Before I get to the core of today’s post, I would like to show the details of calculating the standard deviation. From my last post, we have two sets of data: one from Nice David and the other from Evil David. Let’s look a t Nice David’s data which are the last five test scores of his students: 83, 83, 85, 87, and 90.

Now in my last post, I gave you the formula for calculating the standard deviation:

${\mathrm{standard}}\hspace{0.33em}{\mathrm{deviation}}\hspace{0.33em}\hspace{0.33em}{=}\hspace{0.33em}\sigma{=}\hspace{0.33em}\sqrt{\frac{\sum{{(}{x}\hspace{0.33em}{-}\hspace{0.33em}\overline{x}{)}^{2}}}{n}}$

This says (much more elegantly than english) that I need to subtract the mean of the data from each data point, square each difference, add these up, divide by the number of data points, then take the square root of the result.

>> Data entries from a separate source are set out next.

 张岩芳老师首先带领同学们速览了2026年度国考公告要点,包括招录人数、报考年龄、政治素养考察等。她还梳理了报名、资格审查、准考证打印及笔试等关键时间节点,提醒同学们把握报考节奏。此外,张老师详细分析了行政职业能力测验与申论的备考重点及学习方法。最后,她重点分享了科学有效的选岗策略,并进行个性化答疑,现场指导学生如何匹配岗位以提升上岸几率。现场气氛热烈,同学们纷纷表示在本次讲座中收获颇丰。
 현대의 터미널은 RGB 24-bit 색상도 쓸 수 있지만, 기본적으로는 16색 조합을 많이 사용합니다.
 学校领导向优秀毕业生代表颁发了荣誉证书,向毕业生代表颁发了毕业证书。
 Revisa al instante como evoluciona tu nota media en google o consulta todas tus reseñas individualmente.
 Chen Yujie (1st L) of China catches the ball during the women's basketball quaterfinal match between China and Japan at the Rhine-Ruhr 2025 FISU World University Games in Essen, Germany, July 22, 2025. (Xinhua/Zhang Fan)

The mean of this data is 85.6. Taking the first data point of 83, subtracting 85.6 gives -2.6. Squaring this gives 6.76. I do this to each data point. After squaring each difference, I add these up and I get 35.2. Dividing this by the number of data points (5), I get 7.04. Then finally taking the square root, I get the standard deviation of 2.65. Doing the same thing to Evil David’s data gives standard deviation of 12.09. By the way, if you know how to use Excel, these calculations are very easy to do when you have lots of data.

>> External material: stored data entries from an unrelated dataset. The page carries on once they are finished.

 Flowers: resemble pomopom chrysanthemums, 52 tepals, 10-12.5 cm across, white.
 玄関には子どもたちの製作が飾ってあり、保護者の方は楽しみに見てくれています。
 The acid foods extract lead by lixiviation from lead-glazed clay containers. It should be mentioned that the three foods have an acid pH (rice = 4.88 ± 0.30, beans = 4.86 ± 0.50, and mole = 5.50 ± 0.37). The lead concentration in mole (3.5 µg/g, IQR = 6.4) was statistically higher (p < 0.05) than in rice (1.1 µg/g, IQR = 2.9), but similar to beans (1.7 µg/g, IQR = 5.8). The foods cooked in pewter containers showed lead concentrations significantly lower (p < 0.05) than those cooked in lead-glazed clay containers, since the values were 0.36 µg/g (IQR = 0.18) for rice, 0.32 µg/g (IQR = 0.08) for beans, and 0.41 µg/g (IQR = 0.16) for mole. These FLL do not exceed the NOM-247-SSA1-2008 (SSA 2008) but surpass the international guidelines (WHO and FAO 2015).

Now this post is about one of the ways you can use the standard deviation to make a decision as to which tutor you should use.

Now there is a lot of development that I will be leaving out here and I will also be making several assumptions to simplify the presentation, but the final result is still valid.

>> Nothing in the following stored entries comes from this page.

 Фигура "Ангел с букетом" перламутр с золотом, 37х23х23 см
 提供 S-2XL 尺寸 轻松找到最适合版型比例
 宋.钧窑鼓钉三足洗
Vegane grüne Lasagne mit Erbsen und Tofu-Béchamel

I will be assuming that the data from each tutor is normally distributed, which means we can make certain statements about the standard deviations. This is not an extreme assumption as this is usually assumed in statistics.

For data that is normally distributed, an interval of the mean minus one standard deviation to the mean plus one standard deviation contains 68% of the data. So for Nice David’s data, the mean minus one standard deviation is 85.6 – 2.65 = 82.95. The mean plus one standard deviation is 85.6 + 2.65 = 88.25. Now your test score will be another data point in Nice David’s data. Though you do not know what your test score will be, based on Nice David’s historical data, you can be 68% confident that your test score will be between 82.95 and 88.25.

The interval of all numbers between 82.95 and 88.25 is called a confidence interval. In this case, it is a 68% confidence interval. Let’s calculate Evil David’s 68% confidence interval.

Evil David’s standard deviation is 12.09, so his interval is 85.6 – 12.09 = 73.51 to 85.6 + 12.09 = 97.69. So with Evil David, you can be 68% confident that your test score will be between 73.51 am 97.69.

Now most calculations in statistics center around the 95% confidence interval. For normally distributed data that we are assuming here, that is an interval that is two standard deviations about the mean. So for Nice David, the 95% interval is 85.6 – 2×2.65 = 80.3 to 85.6 +2×2.65 = 90.9. So for Nice David as your tutor, you can be 95% confident that your test score will be between 80.3 to 90.9.

What about Evil David? His 95% interval is 85.6 – 2×12.09 = 61.42 to 85.6 + 2*12.09 = 109.78. Now it’s not possible to get over 100 so you can be 95% confident that with Evil David as your tutor, your test score will be between 61.42 and 100.

Who do you choose? If 65 is a passing score on your test, you would be risking a failing grade with Evil David. Not so much with nice David. Though you do have a chance of getting a very high score with Evil David (if you like lotteries), your test score is 95% guaranteed to be a passing one with Nice David. Being the unbiased person that I am, I would go with the tutor with more consistent results!